What we expect in the short run
We expect a good finish to 2024 for the four reasons noted above, but also because of less restrictive monetary policy. As noted above, four Bank of Canada rate cuts between June and October are translating into a more constructive and predictable environment for all market participants.
The knock-on effect is seen in the resurgence of property transactions. It’s reasonable to expect this momentum to continue as price discovery becomes easier. Lower interest rates also improve confidence for those planning new multi-unit developments.
In any well-rounded outlook, other key inputs must be considered, and these include:
- trends in Canada’s unemployment rate (down modestly in September for the first time since January) and wages (up year over year)
- recently observed flattening of rental rates and in some cases negative growth
- changes to immigration policies, including restrictions on student visas
It’s also necessary to acknowledge that less restrictive monetary policy exists for a reason: to support renewed economic growth and potentially promote a soft landing.

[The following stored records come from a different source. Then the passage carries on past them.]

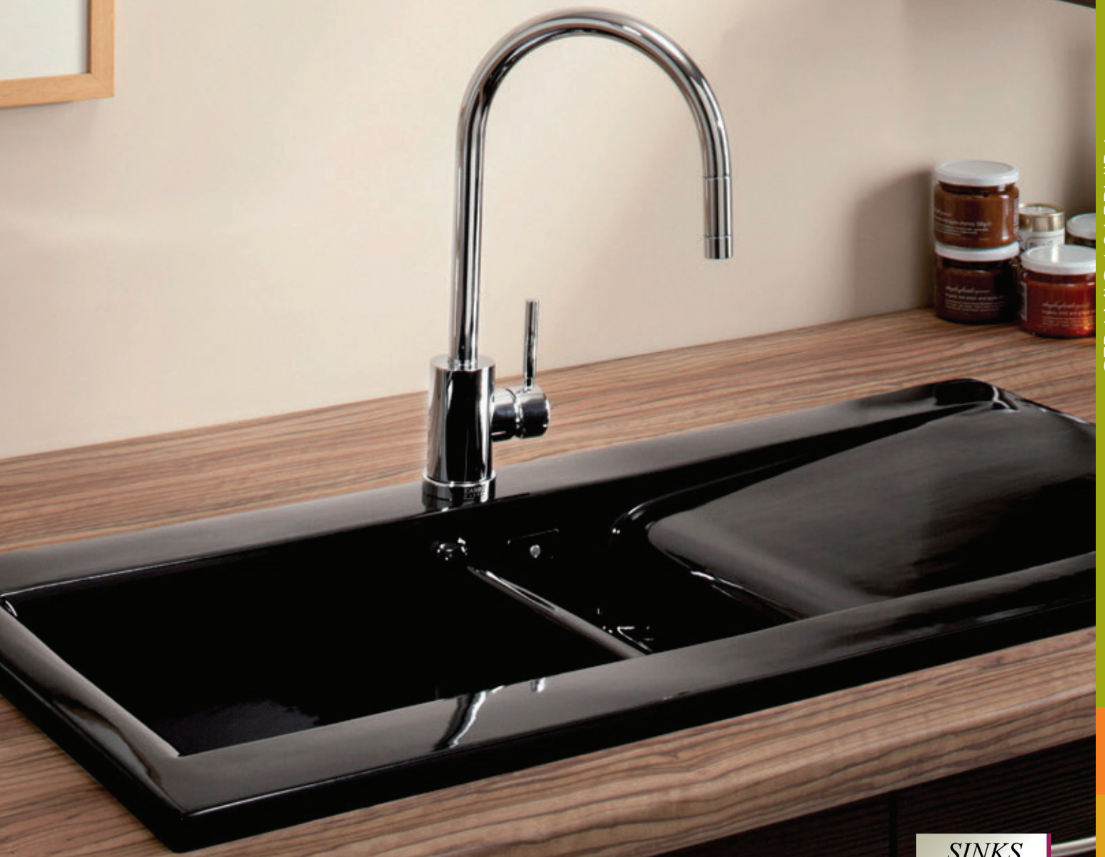
Sapphira 150 shown in gloss black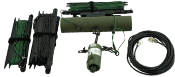
Tactical broadband antenna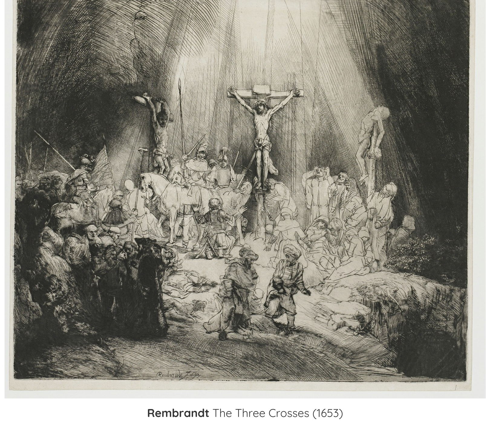
Rembrandt The Three Crosses (1653)

For more information and other concerts see our Calendar .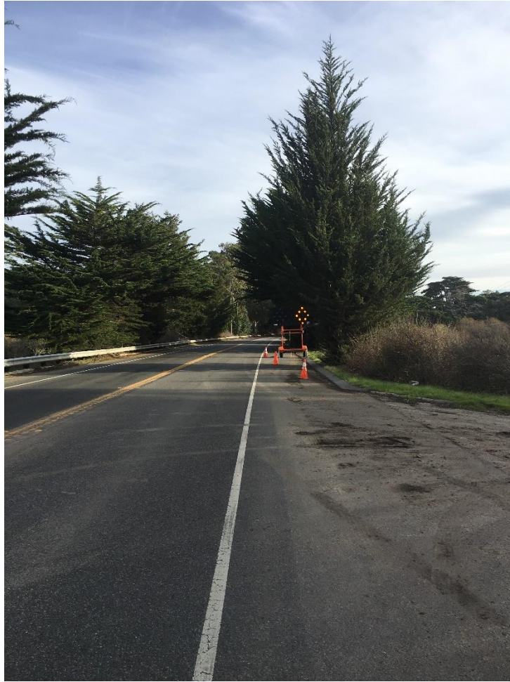
Photo 8: Traffic control signage on Highway 1 southbound shoulder.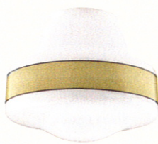
375GN $35 W: 8-1/2", H: 7" Shiny Opal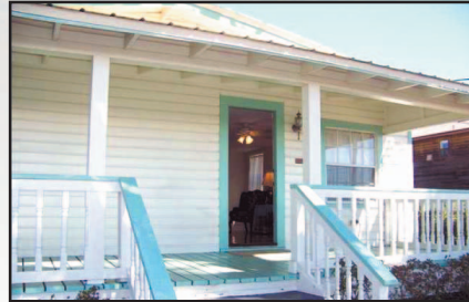
1308 E. BELMONT ST., PENSACOLA, FL $163,000 • MLS# 345206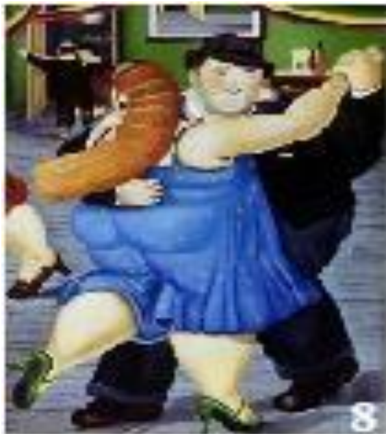
Figure 8 demonstrates the process of doing work where work is the measure of a quantity that is capable of accomplishing macroscopic motion of a system due to the

Figure 7 demonstrates a crystal formed by crystallization that is a process by which a chemical is converted from a liquid solution into a solid crystalline state.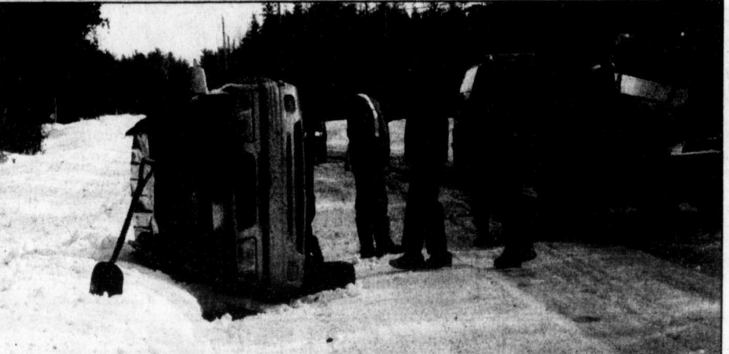
A woman driving a green Suzuki SUV lost control on Cottage Road on Allumettes Island near Hwy. 148. Police say icy conditions caused the accident, which sent the east-bound driver to hospital via ambulance with minor injuries.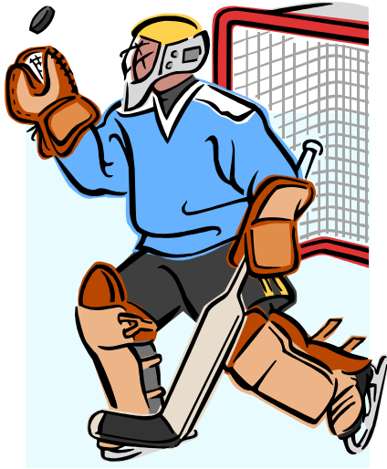
He is playing hockey.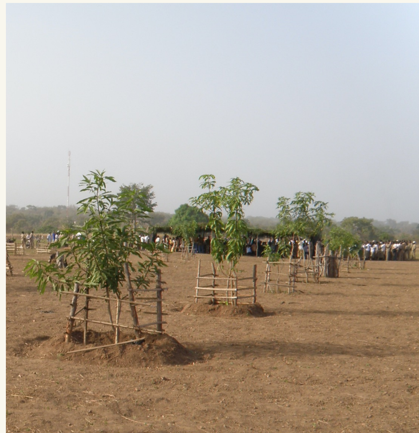
Mango trees planted by GACE and Kouloumi Secondary School, four years after planting.

Groups are more likely to provide irrigation needed to get seedlings through the first dry season and protect the young trees from grazing livestock and wildfires. This year, survival rates of saplings was low, less than 60%, due to late and unpredictable rainfall in the savanna region.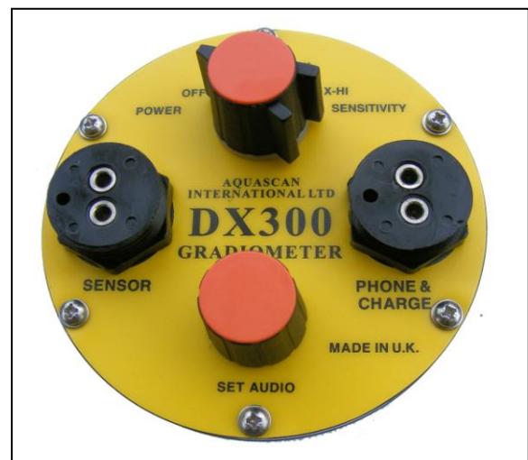
DX-300 module controls & Connections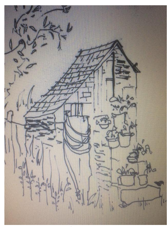
Outhouse: Brigid O'Brien

It can be difficult at times. Knowing you are so normal And being attacked for such a small thing. It's only sexuality. I want to be friends, I feel no hate. But you get at me, I have to get at you. I'm not classy enough to be the bigger person. And why should I be? We may seem like an easy target For many other sexualities. But we're tough. We have to be. We're "the new kids on the block", As you say. Go on with your power play Because no one puts Baby in the corner.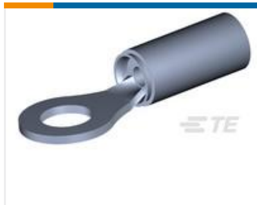
TE Part #1577632-1 TERMINAL RT PIDG PEEK STRATO 18-16 AWG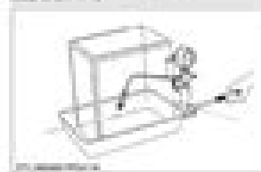
(2) Allowable limit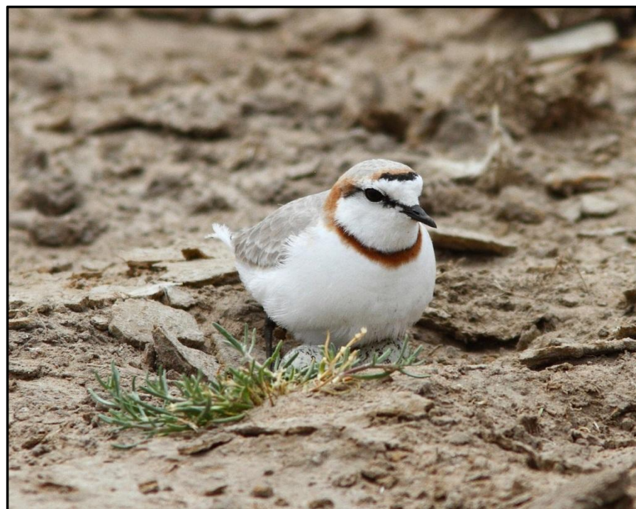
Fig 2 - Male Chestnut-banded Plover incubating/shading eggs. The nest consisted of little more than a shallow scrape between drying mud flakes, adjacent to a small succulent plant, and was situated approximately 40-50 m from the shoreline.

To our knowledge, breeding has not been recorded in the region in recent years, although Tarboton et al. (1987) mentions eggs and young from Barberspan (1955, 1970) and near Lake Chrissie (1986).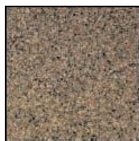
Quarry Mesa Minimum 3%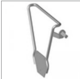
Left handed alum.paint.insert arm for tip-up bench laMia, with pin for writing tablet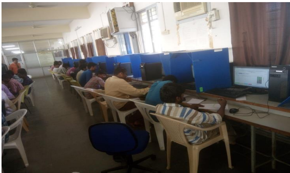
Senior Intermediate students at online EAMCET MOCK TEST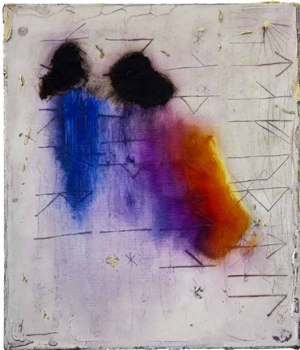
IMAGE > Scott Miles, Refractor (first light) , 2020, oil on canvas, 35.6 x 31cm.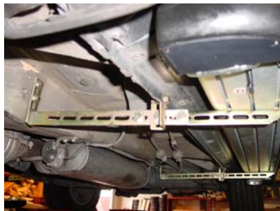
Driver side shown above.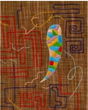
Areez Katki Detail from Keys in the Draw

Students will discuss and explore the textile works in this exhibition before creating their own textile based art work. Using a piece of felt as their canvas they will create a work using special felting needles. Poking the felting needle in and out of the fabric locks the different fibres together thereby attaching the pieces and creating a work. For those students who know how to sew they can also add designs by stitching.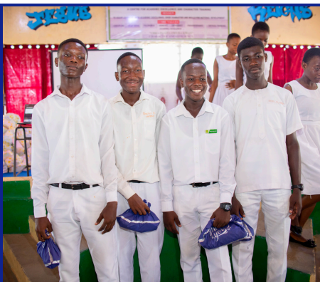
Spiritual Session: Sharing the Word of God

A short but powerful interlude of praises followed, after which the Word of God was shared . Sharing the story of the Prodigal son from the Bible, to students to realign themselves to God no matter the situation or current standing with God.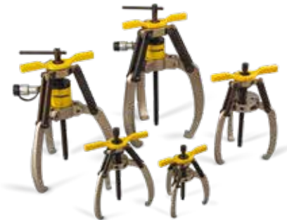
LG-Series, Lock-Grip Pullers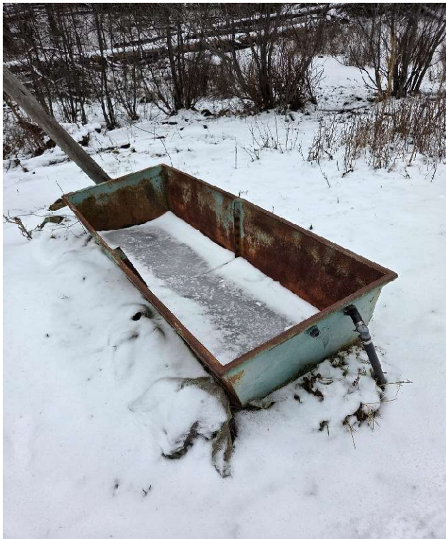
Existing Tanks are in Good Condition. 46.53340 -112.20352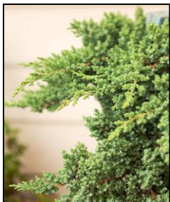
Juniper (Juniperus communis):

(Philadelphus): Hardiness Zone 4-7, extremely drought tolerant, well-drained soil, 3-15 ft tall, 6 ft spread, full/part sun mature plants may cover up to 28 sq ft per plant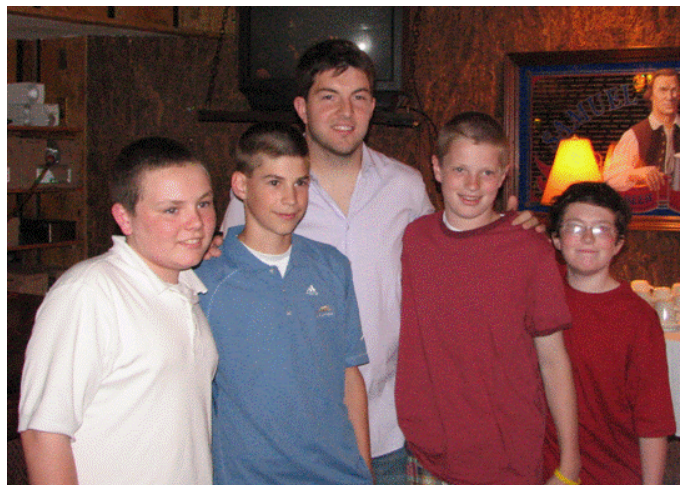
Rex Grossman, Chicago Bears QB, scouting for future teammates at school sports banquet

is celebrated on Saturdays, after the 8:15 am Eucharist until 9:30 am, in the sacristy near the front doors of the Church during the Holy Hour. Communal Reconciliation Services are held during Advent and Lent.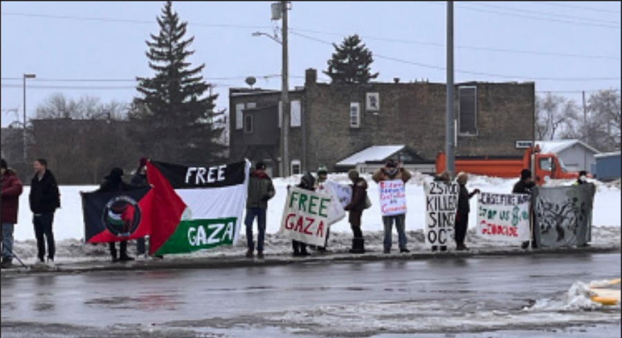
Protesters gathered outside of Earth Rider Brewery on Jan. 25, 2024, in support of Gaza, calling for President Biden to bring ceasefire in the Gaza Strip and Israel.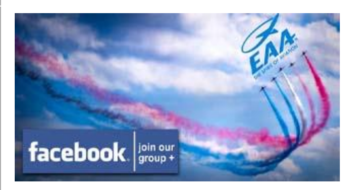
We're on Facebook! EAA Chapter 1246 Join Today!

What is EAA? The Experimental Aircraft Association is an organization that promotes all forms of recreational aviation. EAA Chapter 1246 - Building Lasting Relationships and Making New Friends! Like the Television show, Cheers - You want to go were everybody knows your name. Join our Chapter!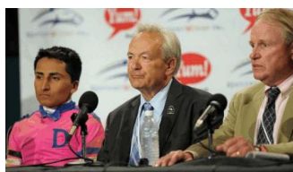
Post-Oaks press conference

Blind Luck won as the 6-5 favorite in the Kentucky Oaks...through advance betting Friday, the early favorite for the GI Kentucky Derby was Super Saver (Maria's Mon) at 7-1.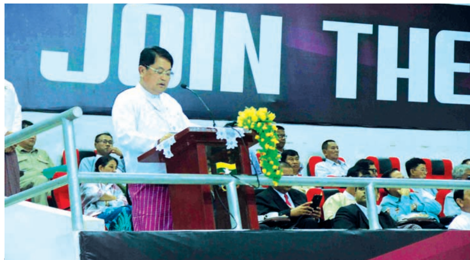
Union Minister for Sports U Tint Hsan delivers an address at ISTAF Super-Series Myanmar 2014-2015.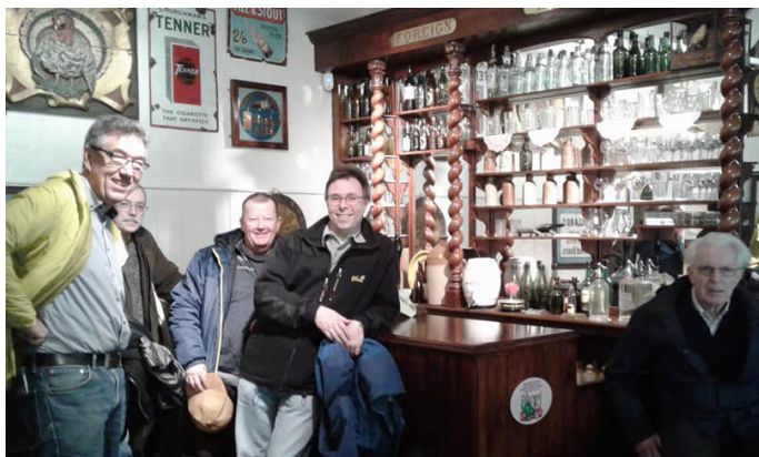
...and to Museum of Norwich in the Bridewell

Thinking of your safety and security
Overall, the long-term fundamentals support optimism and investment activity, however the short term feels choppy with affordability issues and a slow-growth economy. Consequently, this is no time to abandon good risk management practices, interest rate hedging being one. Bond market volatility not just in recent weeks but every year demonstrates the utility of First National’s Early Rate-Lock options.
Now that 10-year Canada Bond yields are back to approximately 3.25%, taking a long-term mortgage when matched against a long-term cash flowing asset like a rental apartment is also a sound decision for those seeking security. With more 5- and 10-year funds available than any other multi-unit lender, the choice is yours but it is important to note that there will be dramatically more funds available for 10-year loans in 2025 because of larger Canada Mortgage Bond allocations.
Better Lending starts here
To live up to our Better Lending credo, we intend to leverage our capabilities to provide you with best-in-class advice, mortgage products, funding, service and administration. We have staked our position at all touchpoints of the mortgage lifecycle because we know every one of them matters to your experience. This makes First National different, and we think better, than lenders with limited reach and limited capital.
Broader and deeper capabilities when combined with the experience gained across so many commercial financings also give us a unique perspective on the market. I absolutely encourage you to tap into that perspective and, in particular, take a moment to talk to us about recent changes in CMHC programs and the merits of qualifying for MLI Select using affordability criteria. The removal of energy efficiency alone as a means to qualify for a 50-year amortization necessitates more careful and proactive planning.
Rest assured First National will continue to advocate for our strong developer clients in discussions with CMHC in an effort to balance structures that support borrowers while also achieving outcomes desired by CMHC.
Thank you
2024 has been an unprecedented year for First National as our commercial mortgage book surpassed $50 billion. But what gives us the most pride and satisfaction is the long-lasting client relationships we’ve formed over the past three decades of growth. Thank you for giving us the opportunity to serve. We look forward to doing more for you in 2025.